KiMoDo on RTX 4080: Text-to-3D-Motion Generation Guide

What You'll Build

A local text-to-3D-motion pipeline using NVIDIA's KiMoDo (Kinematic Motion Diffusion) on an RTX 4080. You type a prompt like "a person walks forward" and get back a 3D skeletal animation — joint rotations and root translations, up to 10 seconds long — saved as .npz (and optionally .bvh for direct import into Blender/Maya/MotionBuilder). This recipe covers both the official CLI (kimodo_gen / kimodo_demo) and the community ComfyUI plugin.

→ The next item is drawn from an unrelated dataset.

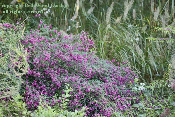 Thunberg's bush clover, Lespedeza thunbergii, is welcome for its end of summer flowers.
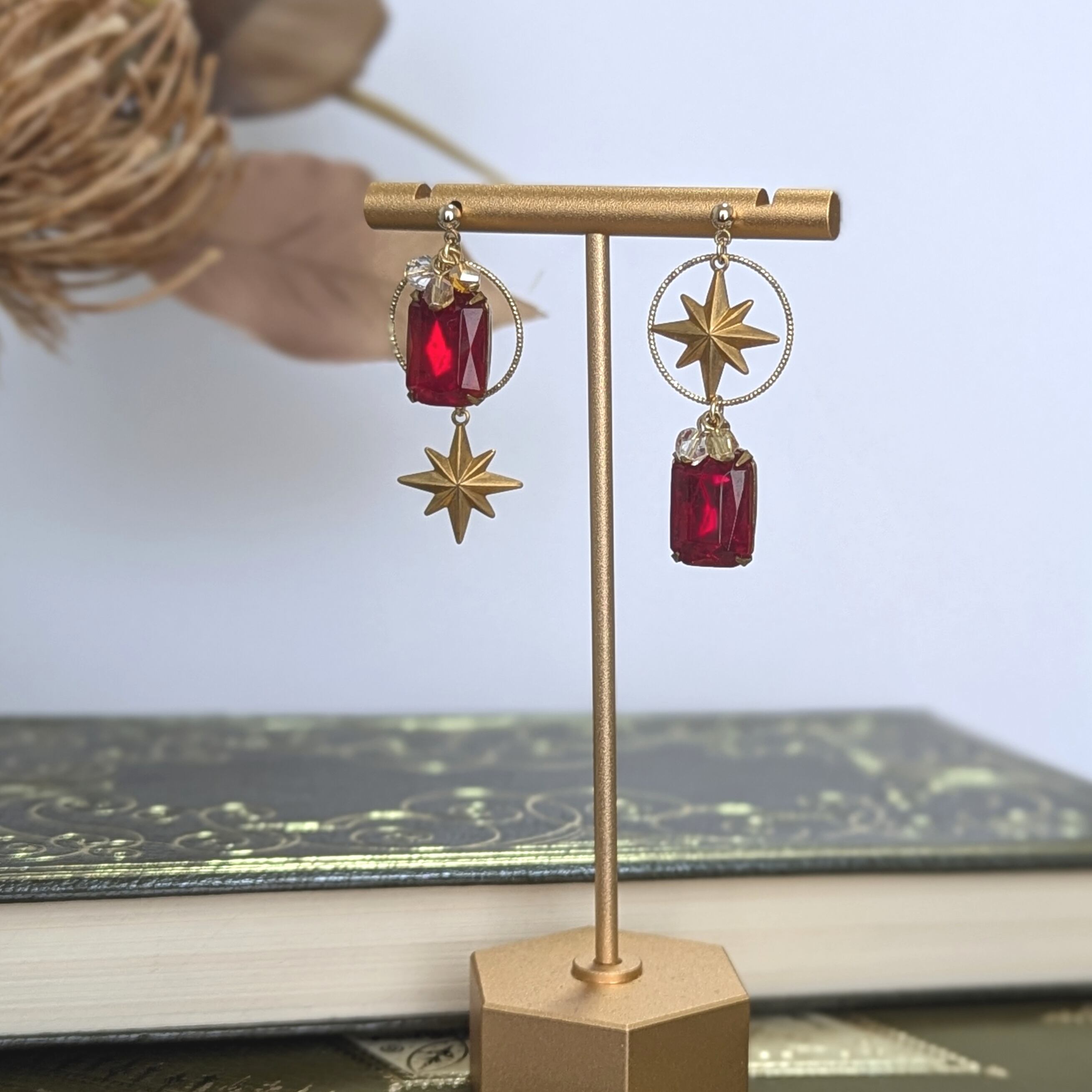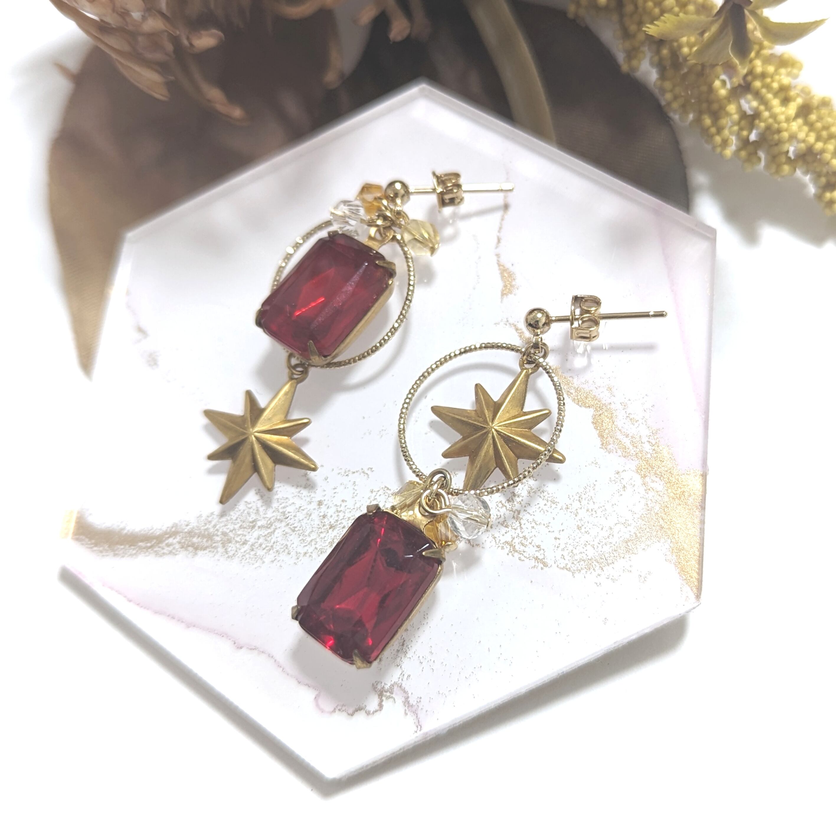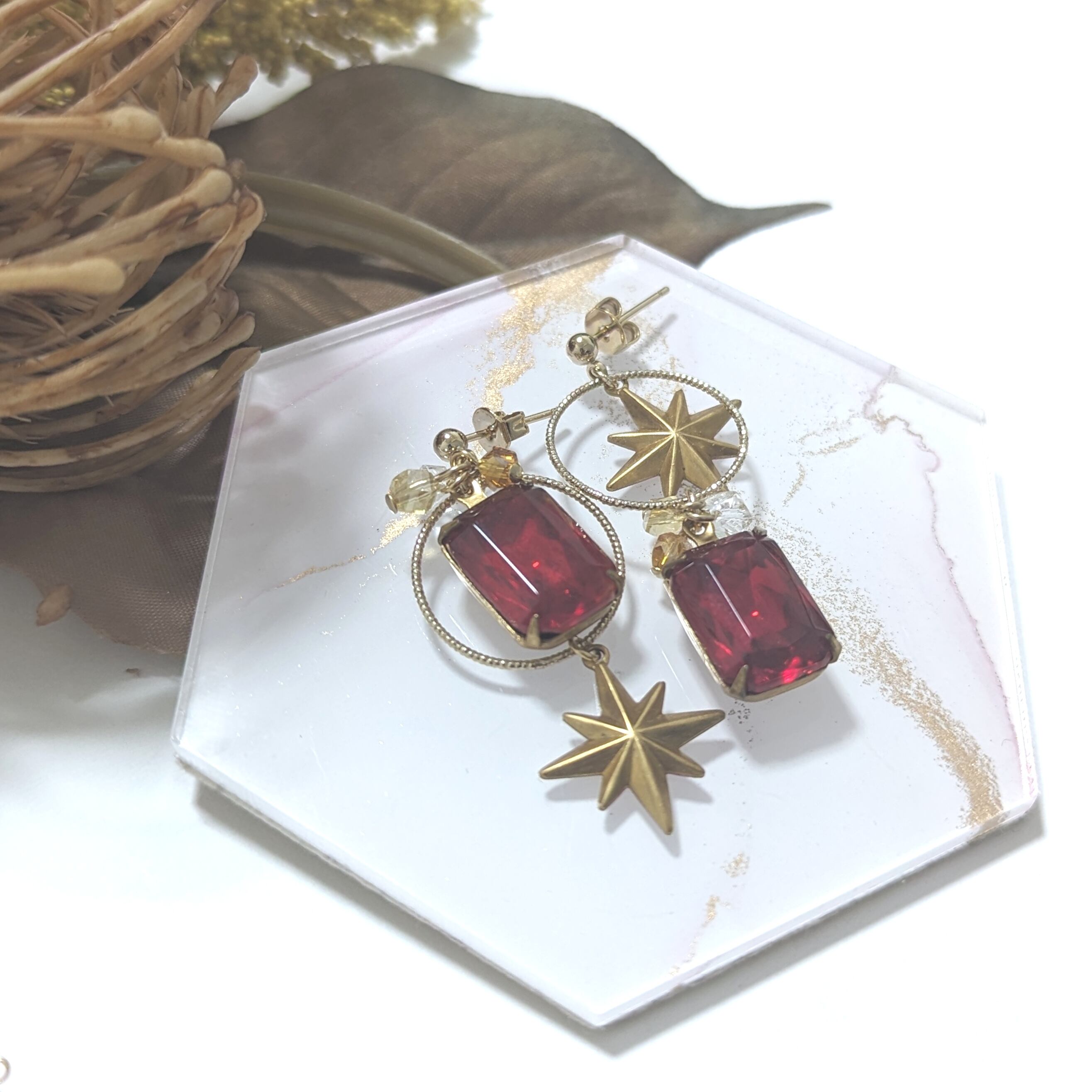ヴィンテージ ヴィンテージスワロ スワロ スワロフスキー 赤 レッド 一点物 アクセサリー アシメ アシンメトリー オフィス カジュアル イヤリング ポストピアス フックピアス ノンホールピアス 花 フラワー 一点もの ゴールド 金色 キラキラ ハンドメイド 個性的 個性派 普段使い 大人可愛い 大人 女子 女子力 きれいめ かわいい 可愛い オールシーズン 春 夏 秋 冬 デート

Hardware data: RTX 4080 (16 GB VRAM) · KiMoDo (282M-param diffusion model + Llama-3-8B text encoder) · See benchmark data

⚠️ Known issue (16 GB cards): The default pipeline loads the Llama-3-8B text encoder on the GPU and needs about 17 GB — more than the 4080's 16 GB. The fix is one environment variable: set TEXT_ENCODER_DEVICE=cpu to move the text encoder to system RAM and the pipeline runs in roughly 3 GB of VRAM. Both numbers come from the canonical README (see VRAM caveat below).

ℹ️ Not a roleplay / language model. Despite the -RP in the checkpoint name, KiMoDo is a motion-generation model: text in, a 3D skeleton animation out. "SOMA" / "RP" here refer to the skeleton-and-retarget variant family, not chat or roleplay. The model is in our specialized vertical; its only language component is the frozen Llama-3-8B used as a text encoder — it never generates text.

Note: as of this writing the backend has no measured benchmarks for this pair (/check/kimodo/rtx-4080 returns unknown). The VRAM figures below come from the canonical Kimodo GitHub README and a maintainer comment on Issue #27; treat them as the published baseline and report your own numbers via /contribute.

Requirements

Component	Minimum	Tested
GPU	NVIDIA, CUDA-capable, PyTorch 2.0+ — see VRAM rows	RTX 4080 (16 GB) — pair not yet benchmarked, see /check/
VRAM (default, all on GPU)	~17 GB (canonical README) — does not fit a 16 GB 4080 out of the box	—
VRAM (with `TEXT_ENCODER_DEVICE=cpu`)	~3 GB (canonical README; maintainer-confirmed in Issue #27) — comfortably fits a 4080	—
RAM	16 GB+ (Llama-3-8B sits on the CPU when offloaded; budget ~16 GB for it plus headroom)	—
Storage	~16 GB (Llama-3-8B weights ~15 GB + KiMoDo checkpoint ~1.13 GB)	—
Software	Python 3.10, PyTorch 2.0+ (installation docs)	—

VRAM caveat — this is the load-bearing detail for a 16 GB card. The KiMoDo diffusion model itself is small (282M params per the HF model card; the model.safetensors checkpoint is 1.13 GB on disk per the HF file tree). But the default pipeline loads a Llama-3-8B-based text encoder onto the same GPU, and the README states the all-on-GPU footprint is about 17 GB, "primarily due to the text embedding model" (canonical README). That exceeds the 4080's 16 GB. The documented fix is TEXT_ENCODER_DEVICE=cpu, which the README describes as running the text encoder on the CPU for GPUs with less than 16 GB of VRAM — slightly slower, but it drops GPU usage to under 3 GB (canonical README). That is the path documented below.

Installation

Installation steps below come from the canonical NVIDIA sources — the official Kimodo installation docs, the Quick Start docs, and the nv-tlabs/kimodo README. The ComfyUI section at the end uses the community jtydhr88/ComfyUI-Kimodo plugin and is clearly labelled as such.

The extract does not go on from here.